Найман Анатолий Генрихович родился в Ленинграде в 1936 году. Поэт, прозаик, эссеист, переводчик. Живет в Москве. Постоянный автор «Нового мира».
Анатолий Найман
*
БРАНДЕНБУРГСКИЕ КОНЦЕРТЫ
Короткое время года
Мы столько друг другу сказали, но слишком тихо,
а всё потому, что грубым для слов был голос, —
и жизнь от них отошла, ни духа, ни слыха:
электроразрядами, солнцем, дыханьем стерлось.
Зато машинально в хвостики и крючечки
под цоканье и рожок почтовой лошадки
перевели мы безмолвьем чернильной строчки
то, что по коже скользило и по сетчатке.
...Как кисточкой, время года, неделя в мае,
наводит щетину, одновременно брея,
на вас, древесные сети и почва родная, —
свой марафет траекторий мелкого зверя.
И в октябре в начале оно же, но цвета
не серо-зеленого, а всего без изъянов
спектра — не осень и не весна и не лето,
а воздух: наткнулись и цепенеем отпрянув.
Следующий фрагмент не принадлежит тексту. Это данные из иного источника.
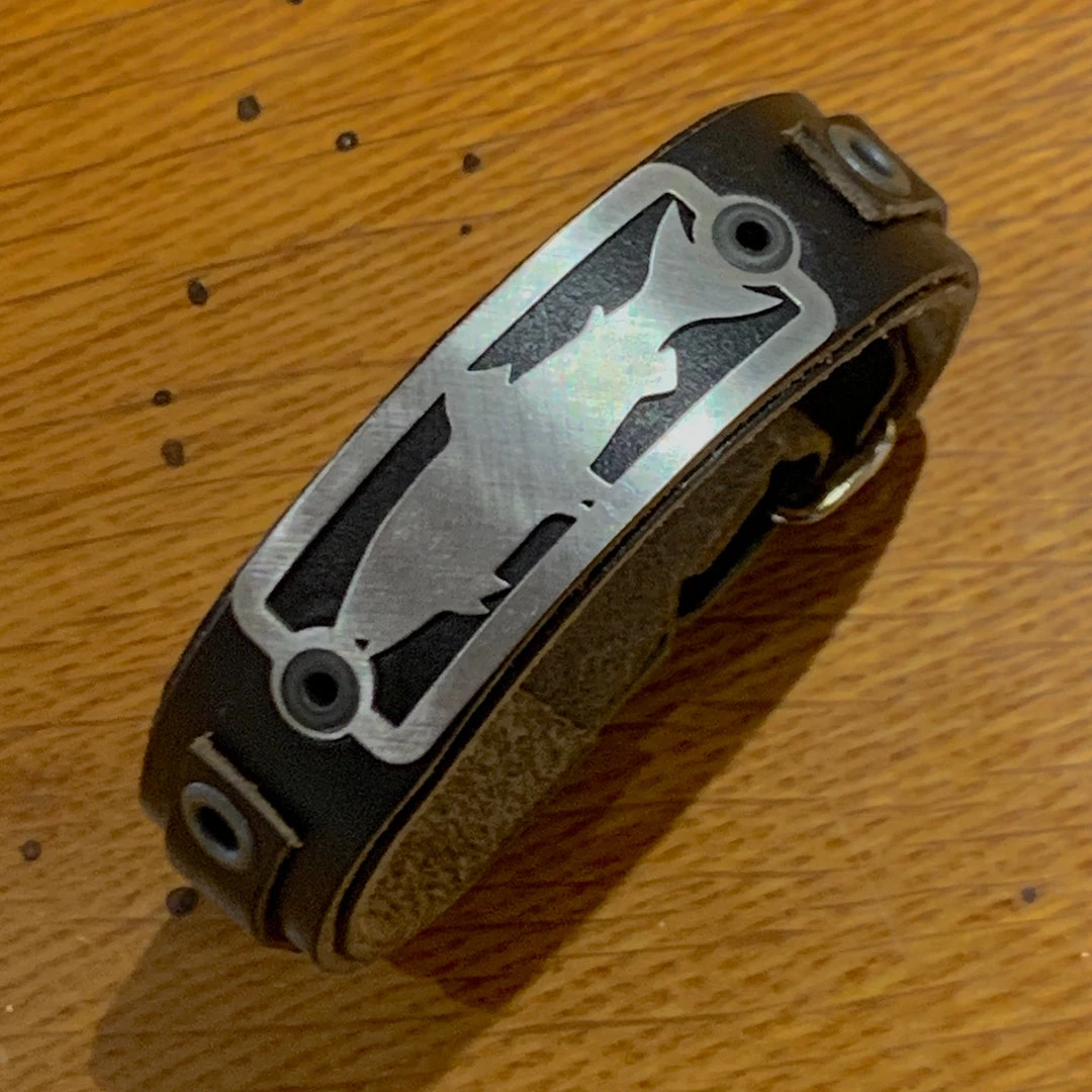 Stainless Steel laser cut badge on Horween Leather. Fastens with “just right” adjustable sizing closure to size down to 6″ or up to 8.5″ wrist.

Просто простор — резать его слоями
ниткой суровой зренья, кусать, насыщаться:
просто двор во флажках облаков, а плетень сломали,
предощущая неделю сезона как счастье, —
когда на крыльце мы толклись над амбарной книгой,
заложенной бланком зимнего социализма,
как над подбитой ветром голубкой пугливой,
вернувшей нам наши без дат и конвертов письма.
Водосвятие
Приближается праздник. Единственный,
чей восторг не толпой вдохновлен,
не у жатв и цветений заимствован,
а накатан инерцией волн.
Торошением льда, обрушением
струй фонтанных и даже дождем
или вьюгой — а то и лжевременем
пересохших колодцев рожден.
И герольдов его, сколько лычками
ни укрась их, указы вода
переспорит всесильными кличками
Никогда, Иногда, Навсегда.
Родничок Никогда будет праздновать
поцелуй — и бессмертьем ручья
Иногда подземелье поддразнивать,
про захлеб Навсегда лепеча.
* *
*
Бранденбургские концерты, с чем едят их, я не знаю.
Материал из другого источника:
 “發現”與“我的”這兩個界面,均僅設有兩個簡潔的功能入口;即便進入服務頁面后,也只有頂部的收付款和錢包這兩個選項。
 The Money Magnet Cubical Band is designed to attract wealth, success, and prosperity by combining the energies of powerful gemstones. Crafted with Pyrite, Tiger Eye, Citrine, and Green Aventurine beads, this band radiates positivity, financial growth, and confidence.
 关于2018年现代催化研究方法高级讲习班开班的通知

Бранденбургские ворота, что-то слышал, только — что?
Неужели с потрохами в мару я ушел и в майю —
пропустил, прогульщик, тему — стала память решето?
Чем сольфеджо и эстампы разбирать, мычал и блеял.
То, по мне, провинциален был Нью-Йорк, то Рим дыра.
И теперь рожком и лирой грусть душе внушает плейер
и во весь экран ворота, а ни дома, ни двора.
Бранденбургские. Что значат эти пышность и тревога?
Слово-звук, система лестниц, серафический фокстрот,
и глядится Гогенцоллерн в каске в зеркало кривое,
и церковные концерты, и коровы у ворот.
Иоганном Себастьяном все убиты, но не ранен
до сих пор никто смертельно — что не трюк и не абсурд.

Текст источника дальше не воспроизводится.